Seedance 1.5 pro: A Native Audio-Visual Joint Generation Foundation Model

📝 Paper Summary

Audio-Visual Generation Video Generation Multimodal Foundation Models

Seedance 1.5 pro is a unified foundation model that generates synchronized video and audio simultaneously using a dual-branch architecture refined via reinforcement learning for professional-grade cinematic quality.

Core Problem

Current video generation often produces fragmented visuals lacking sound, or treats audio as a separate post-process, leading to poor synchronization and weak narrative coherence.

Why it matters:

Separately generated audio and video often suffer from 'ventriloquism effects' where lip movements do not match speech.
Professional content creation (film, ads) requires holistic outputs where sound effects, background music, and dialogue are intrinsically tied to visual events and emotional tone.
Existing models struggle with dialect-specific prosody and complex camera movements, limiting their utility for high-end production.

Concrete Example: In a generated clip of a person speaking a specific Chinese dialect, standard models might produce generic lip flaps unrelated to the audio phonemes. Seedance 1.5 pro generates the audio and video jointly, ensuring the lips move in sync with the specific dialect's pronunciation while maintaining consistent facial micro-expressions.

Key Novelty

Native Joint Audio-Visual Generation with RLHF

Uses a unified MMDiT (Multimodal Diffusion Transformer) architecture that processes video and audio streams in parallel with cross-modal attention, ensuring temporal lock-step synchronization.
Applys RLHF (Reinforcement Learning from Human Feedback) specifically tailored for video-audio tasks, using a multi-dimensional reward model to optimize motion quality, aesthetics, and audio fidelity beyond standard supervised learning.

Evaluation Highlights

Achieves >10x inference speedup through a multi-stage distillation framework compared to the unoptimized baseline.
Outperforms Veo 3.1 and Kling 2.6 in audio-visual synchronization and Chinese dialect generation according to human side-by-side evaluations.
Demonstrates superior lip-sync accuracy and 'video vividness' (action/camera/atmosphere) in the new SeedVideoBench 1.5 compared to predecessor Seedance 1.0 Pro.

Breakthrough Assessment

8/10

Significant for integrating native audio-visual generation with a robust RLHF pipeline for video, a relatively new frontier. Strong practical improvements in lip-sync and speed.

⚙️ Technical Details

Problem Definition

Setting: Joint generation of video frames and audio waveforms conditioned on text or image inputs.

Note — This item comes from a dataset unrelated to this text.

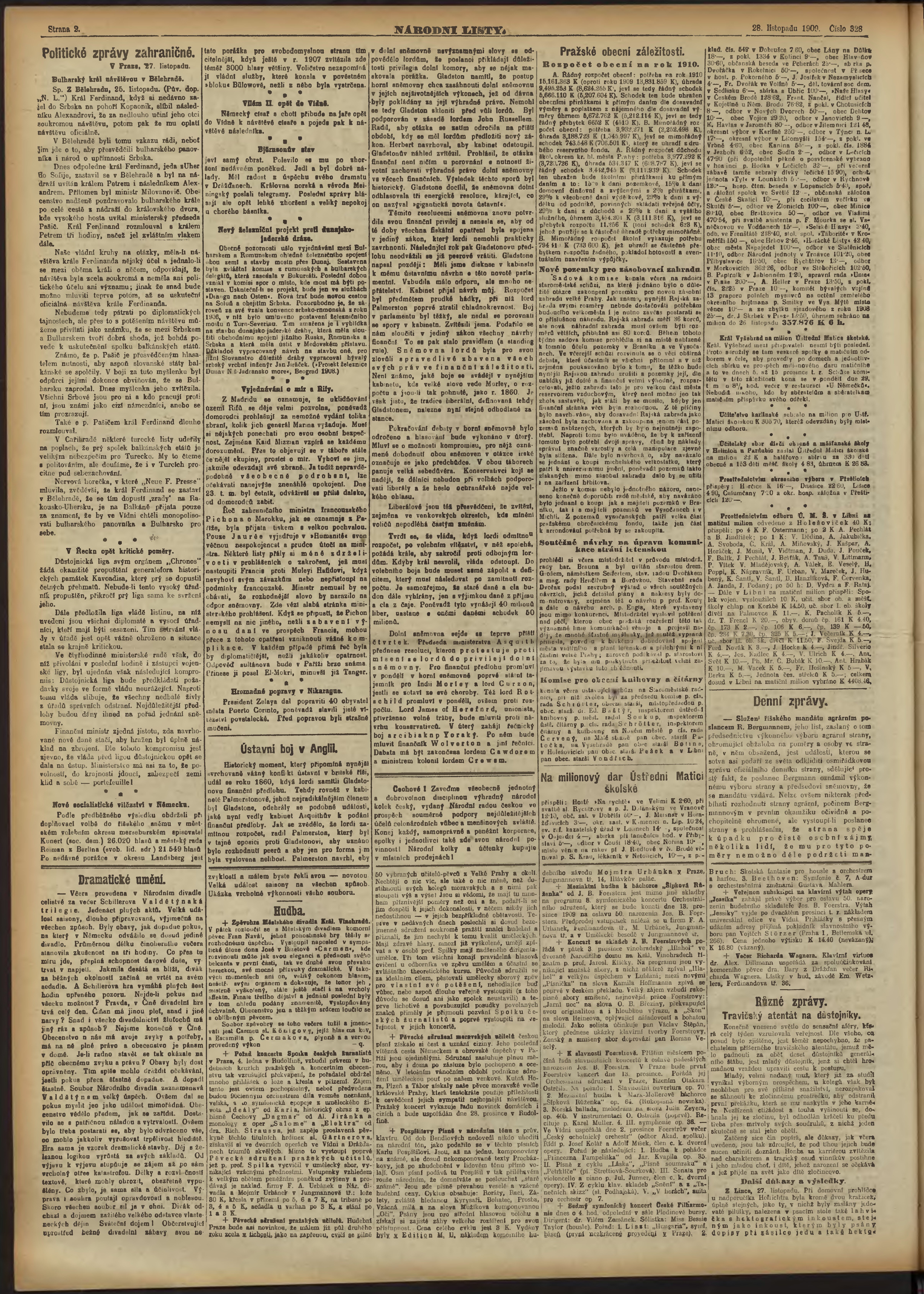 * Datum vydání výtisku: 28.11.1909 Číslo výtisku: 328 Poznámky k výtisku: ranní vydání;

Inputs: Text prompt or Reference Image + Text prompt

Outputs: Synchronized Video frames + Audio track

Pipeline Flow

Input Processing (Text/Image Encoders)
Dual-Branch DiT (Joint Video/Audio Denoising)
Decoding (VAE Decoders)

System Modules

Input Encoders

Encode text prompts and/or reference images into latent representations

Model or implementation: Not reported in the paper

Dual-Branch DiT

Jointly denoise video and audio latents with cross-modal interaction

Model or implementation: MMDiT-based architecture

VAE Decoders

Decode latents into pixel-space video and waveform audio

Model or implementation: Not reported in the paper

Novel Architectural Elements

Dual-branch Diffusion Transformer with Cross-Modal Joint Module: Specifically designed to allow deep interaction between visual and auditory streams during the denoising process to ensure synchronization.

Modeling

Base Model: Seedance 1.5 pro (custom MMDiT architecture)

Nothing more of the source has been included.